Israel calls strikes 'targeted killings' with broad support

A Palestinian boy smashes a stone as another boy runs toward Israeli tanks  during small-scale clashes in the northern West Bank town of Jenin on Wednesday.
A Palestinian boy smashes a stone as another boy runs toward Israeli tanks during small-scale clashes in the northern West Bank town of Jenin on Wednesday.
Mohammed Ballas, Associated Press

JERUSALEM — In the midst of a campaign of airstrikes that aim at Hamas but sometimes kill Palestinian civilians, 27 reserve pilots in the Israeli air force presented a signed petition on Wednesday night saying they would not take part in "illegal and immoral" strikes in Palestinian areas in the West Bank and the Gaza Strip.

"We refuse to participate in air force attacks on civilian populations," said the letter, which was sent to the head of the air force, Maj.
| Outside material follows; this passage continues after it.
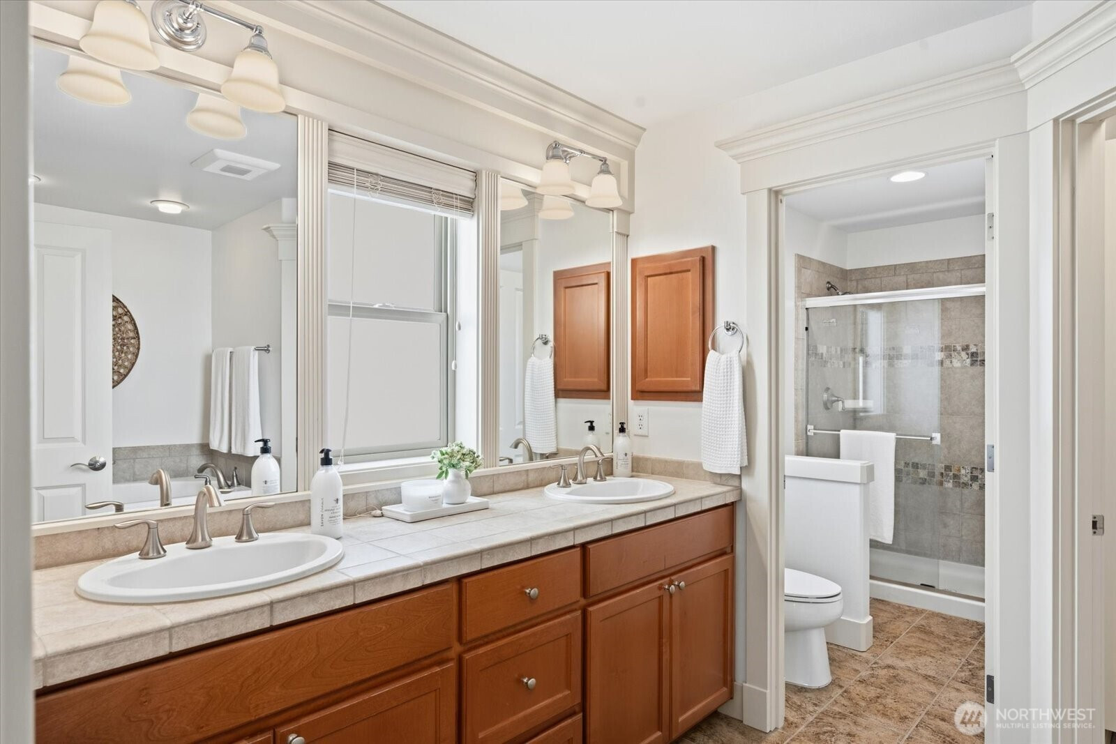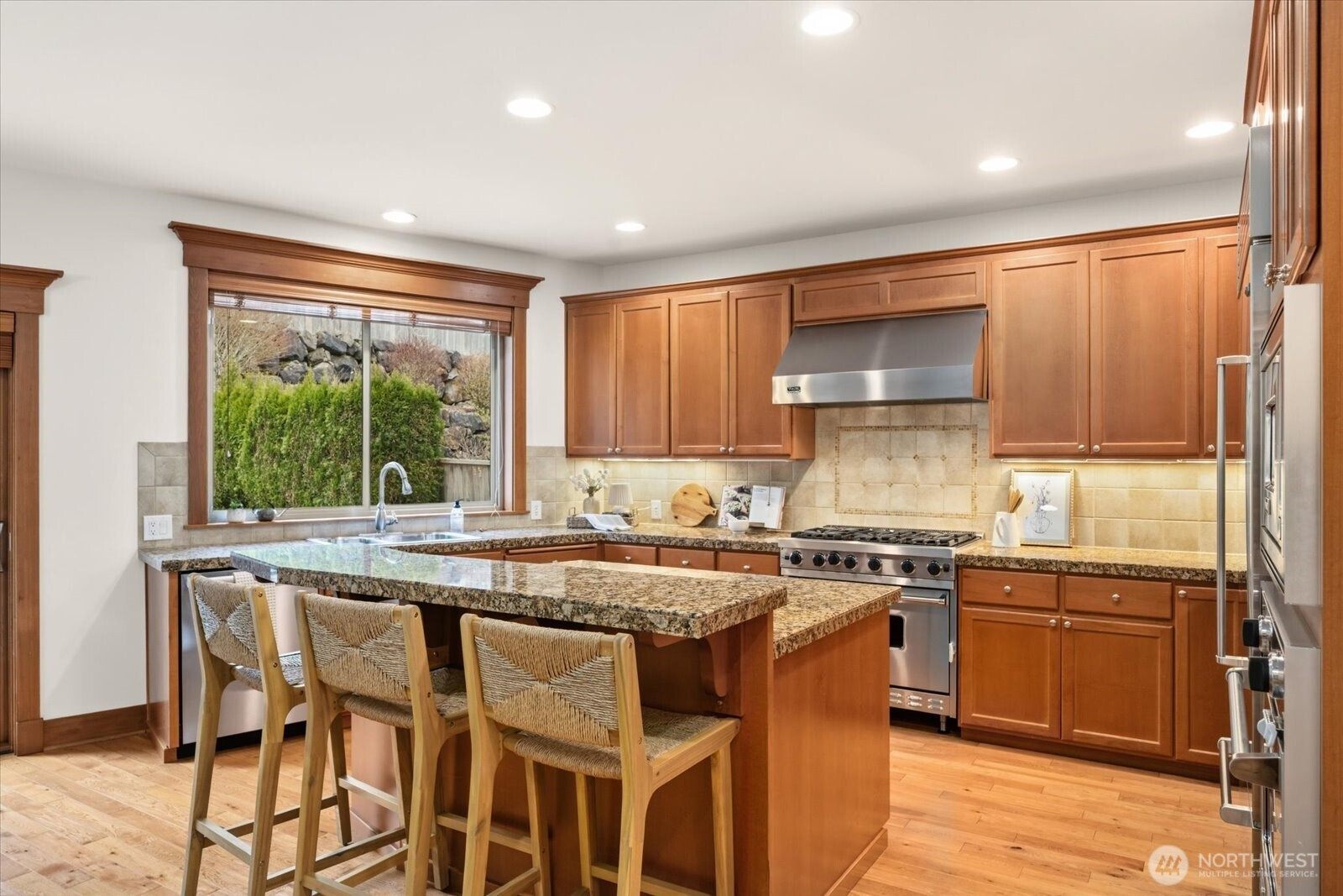 Tucked within the highly sought-after Illahee neighborhood, this exceptional 4-bedroom + office and 2.5 bath Burnstead home showcases timeless design, impeccable craftsmanship, and refined detailing throughout. A soaring two-story entry sets an elegant first impression. The thoughtfully designed main floor features an office with rich millwork and classic wainscoting, a conveniently located powder bath, and an elegant formal dining room perfect for hosting. An epicurean kitchen that is a true showpiece featuring top-of-the-line SS appliances, including a Viking 6-burner cooktop, Sub-Zero refrigerator, double oven, generous prep space, walk-in pantry, and sunny eating nook. The nook opens to an inviting, entertaining patio surrounded by lush landscaping and a fully fenced backyard, creating seamless indoor-outdoor living. The adjacent family room impresses with a dramatic floor-to-ceiling stone-and-wood gas fireplace and an expansive panoramic window that floods the space with natural light. Upstairs, the serene primary suite offers a luxurious five-piece spa-inspired en-suite bath, 3 additional bedrooms, all with built-in closet organizers, and spacious guest bath. Well-appointed upstairs utility room includes a washer, dryer, and utility sink. Brand new roof & plush carpet, fresh interior paint, A/C, pre-inspected. Enjoy Illahee’s park, playground, athletic court, picnic area, and trails. Top-rated Lake Washington Schools, and steps away from shopping & dining! Welcome home!

Gen. Dan Halutz. "We refuse to continue harming innocent civilians."

The petition is similar to a letter signed by hundreds of reserve soldiers who have pledged not to serve in the West Bank or the Gaza Strip. Most of the pilots who signed the petition have not been on active duty in recent years, the air force said. It was not clear whether any had been involved in the strikes.

Israel calls the strikes "targeted killings." They have broad support among Israelis, with Prime Minister Ariel Sharon's government saying they are the most effective way to attack terrorists who hide among civilians.

The Israeli news media said one of the petition's signers was Yiftach Spector, a brigadier general in the reserves, who took part in the bombing of the Osirak nuclear reactor in Iraq in 1981.

In a sharp response to the pilots' letter, Halutz said members of the military should not take political positions. "We do not choose our wars or missions," he said on Israeli television.

"We will continue to hunt terrorists," he said, adding, "We have no intention of harming civilians."

One recent Israeli target, Sheik Ahmed Yassin, the spiritual leader of Hamas, emerged on Wednesday for the first time since he was lightly wounded on Sept. 6 in the bombing of a Gaza City apartment where he was meeting with Hamas members.

In a news conference at a Gaza City mosque, the defiant sheik said Hamas was not prepared to call off its bombing campaign, and he accused President Bush of declaring war on Islam.

"Resistance and holy war are the only choices for victory," he said. "We promised God and we promised the people that we won't surrender and we won't raise white flags."

After high school, most Israeli men perform three years of military service, while women serve for two years. After that, the men are liable for annual reserve duty of up to a month. Some of the soldiers who have refused duty have been jailed for the amount of time they were supposed to serve.

The military says the number refusing to serve remains quite small in a country where service is so widespread.